Reproduce the material below only from the line with "hinter der Fahrerkabine" to the line with "ventes. | |||", both included, keeping each line exact and dropping the pictures.

→ Data to process
——————
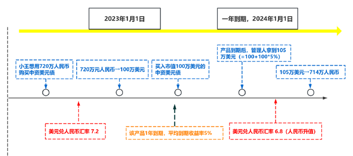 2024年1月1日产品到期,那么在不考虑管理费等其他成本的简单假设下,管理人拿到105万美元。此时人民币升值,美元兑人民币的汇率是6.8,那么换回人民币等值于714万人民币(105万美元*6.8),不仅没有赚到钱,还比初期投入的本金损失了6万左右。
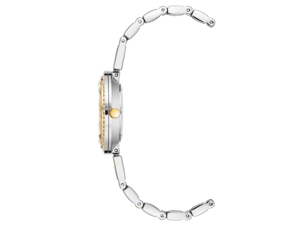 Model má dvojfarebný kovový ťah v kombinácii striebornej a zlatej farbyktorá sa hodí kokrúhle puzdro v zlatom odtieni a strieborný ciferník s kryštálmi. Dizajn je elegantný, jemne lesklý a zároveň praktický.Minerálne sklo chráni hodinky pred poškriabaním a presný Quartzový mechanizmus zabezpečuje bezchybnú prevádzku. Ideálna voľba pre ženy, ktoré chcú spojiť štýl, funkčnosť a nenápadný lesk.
——————
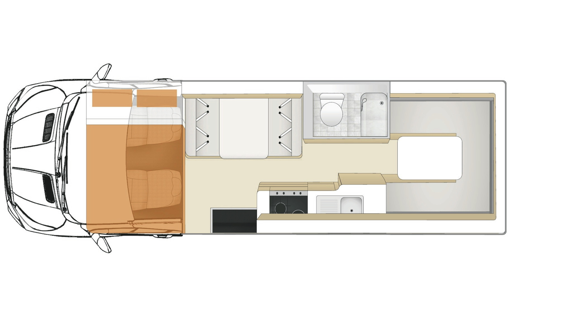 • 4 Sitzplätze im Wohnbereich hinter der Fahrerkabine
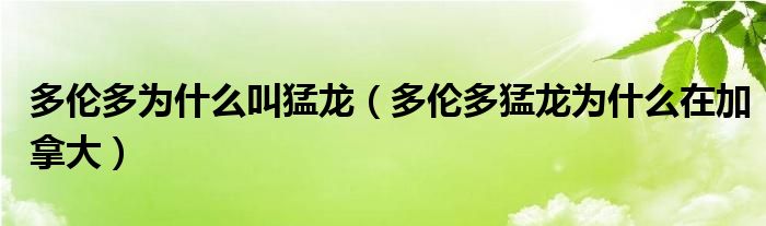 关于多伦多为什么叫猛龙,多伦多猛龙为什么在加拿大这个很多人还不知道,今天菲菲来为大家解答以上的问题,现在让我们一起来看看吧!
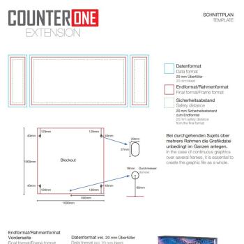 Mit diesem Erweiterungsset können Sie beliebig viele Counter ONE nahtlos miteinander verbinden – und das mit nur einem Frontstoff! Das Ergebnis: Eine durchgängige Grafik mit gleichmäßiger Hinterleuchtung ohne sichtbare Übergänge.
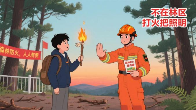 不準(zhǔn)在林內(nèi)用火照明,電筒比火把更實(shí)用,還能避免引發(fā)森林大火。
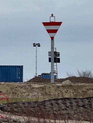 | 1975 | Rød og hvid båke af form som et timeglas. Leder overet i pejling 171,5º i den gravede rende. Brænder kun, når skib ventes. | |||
——————
→ Solved exercise
 • 4 Sitzplätze im Wohnbereich hinter der Fahrerkabine
 关于多伦多为什么叫猛龙,多伦多猛龙为什么在加拿大这个很多人还不知道,今天菲菲来为大家解答以上的问题,现在让我们一起来看看吧!
 Mit diesem Erweiterungsset können Sie beliebig viele Counter ONE nahtlos miteinander verbinden – und das mit nur einem Frontstoff! Das Ergebnis: Eine durchgängige Grafik mit gleichmäßiger Hinterleuchtung ohne sichtbare Übergänge.
 不準(zhǔn)在林內(nèi)用火照明,電筒比火把更實(shí)用,還能避免引發(fā)森林大火。
 | 1975 | Rød og hvid båke af form som et timeglas. Leder overet i pejling 171,5º i den gravede rende. Brænder kun, når skib ventes. | |||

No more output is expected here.